Die Friedhofskapelle war ein kleines Gebäude mit einem spitz zulaufenden Türmchen, dessen zerbrechlich-filigrane Konstruktion aufgrund einer hochgradig geschickten Statik gleich zwei tonnenschwere Glocken zu tragen vermochte. Trotz seiner kleinen Abmessungen wurde nicht auf die Andeutung eines Strebewerks verzichtet, das die wenigen Glasfenster weitgehend verdeckte und dem kleinen Gebäude mit seinen Fialen und Wasserspeiern ein beinahe verspieltes, ja geradezu märchenhaftes Erscheinungsbild verlieh.
Die Kapelle war sehr alt, errichtet wurde sie weit bevor man sich dazu entschlossen hatte, einen funktionstüchtigen Friedhof um sie herum anzulegen. In der grauen Vorzeit nämlich hatte man die Toten in einem entfernten Wäldchen bestattet, häufig nur in notdürftig ausgehobenen Gräbern verscharrt, so dass ihre fahlen, teils von Fäulnis zerschlissenen Gesichter vor allem nach starken Regengüssen im Matsch und unter Pfützen viel zu oft zum Vorschein gekommen waren. Häufig wurden Kinder von den Toten in ihren Bann gezogen, denn viele waren die Nachkommen der Verscharrten, deren Seelen noch nicht bereit für den Übergang in die ewige Ruhe waren und begierig danach strebten, das ein oder andere Unerledigte noch zu Ende zu bringen oder einfach nur, um in ätherischen Kontakt mit den lebenden Nachfahren zu treten.

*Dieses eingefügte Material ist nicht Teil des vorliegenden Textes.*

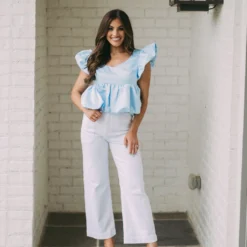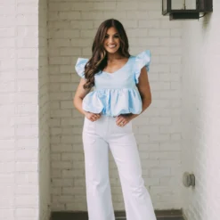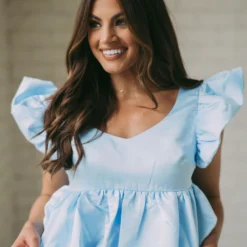 This stunning light blue satin top features ruffled sleeves, a v-neckline, and a cropped bubble style bottom hem. It fastens securely at the back with a zipper closure, ensuring a flattering and comfortable fit for any occasion!
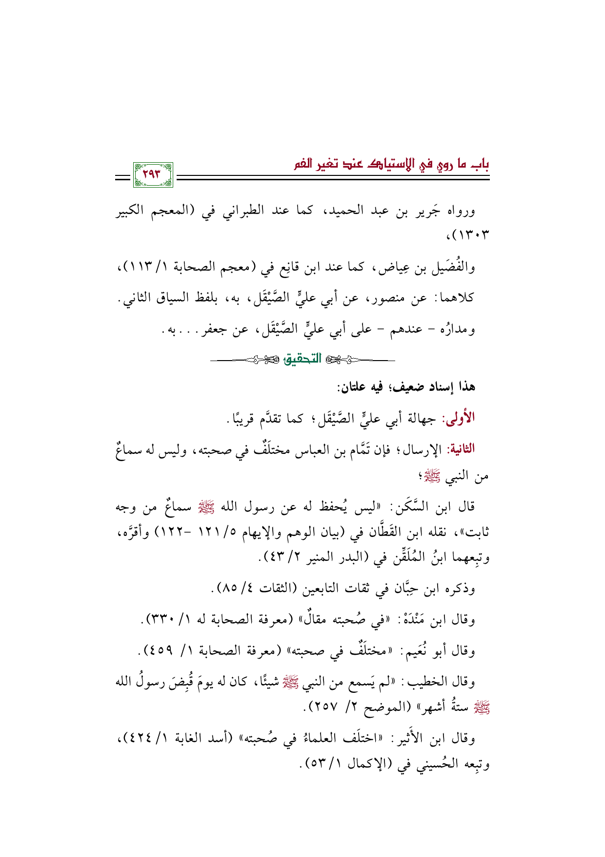 الثانية: الإرسال؛ فإن تَمَّام بن العباس مختلَفٌ في صحبته، وليس له سماعٌ من النبي صلى الله عليه وسلم؛

Der Nachlässigkeit des Bestattungswesens war es also zu verdanken, dass die Toten den dörflichen Frieden zu stören begannen, indem sie in die Welt der Lebenden ein- und zu ihren Seelen durchzudringen versuchten. Nachdem viele Kinder unter Alpträumen und unsichtbaren Stimmen gelitten, immer mehr Leute über unerklärliche Erscheinungen geklagt hatten, nachdem zusätzlich besonders viele Fälle seltsam degenerativer Krankheiten und auch immer mehr hässlich missgebildete Fehlgeburten aufgetreten waren, wurde beschlossen, einen Friedhof mit tiefen und geweihten Gräbern rund um die kleine Kapelle anzulegen, der die Voraussetzungen bot, die Ruhe der Toten für immer und auf ewig zu gewährleisten. Dies war auch die Zeit, in der der Beruf des Totengräbers entstanden war, der durch sein Handwerk dafür zu sorgen hatte, die Totenruhe, die Himmelfahrt der Seelen und damit den Frieden im Dorf zu gewährleisten.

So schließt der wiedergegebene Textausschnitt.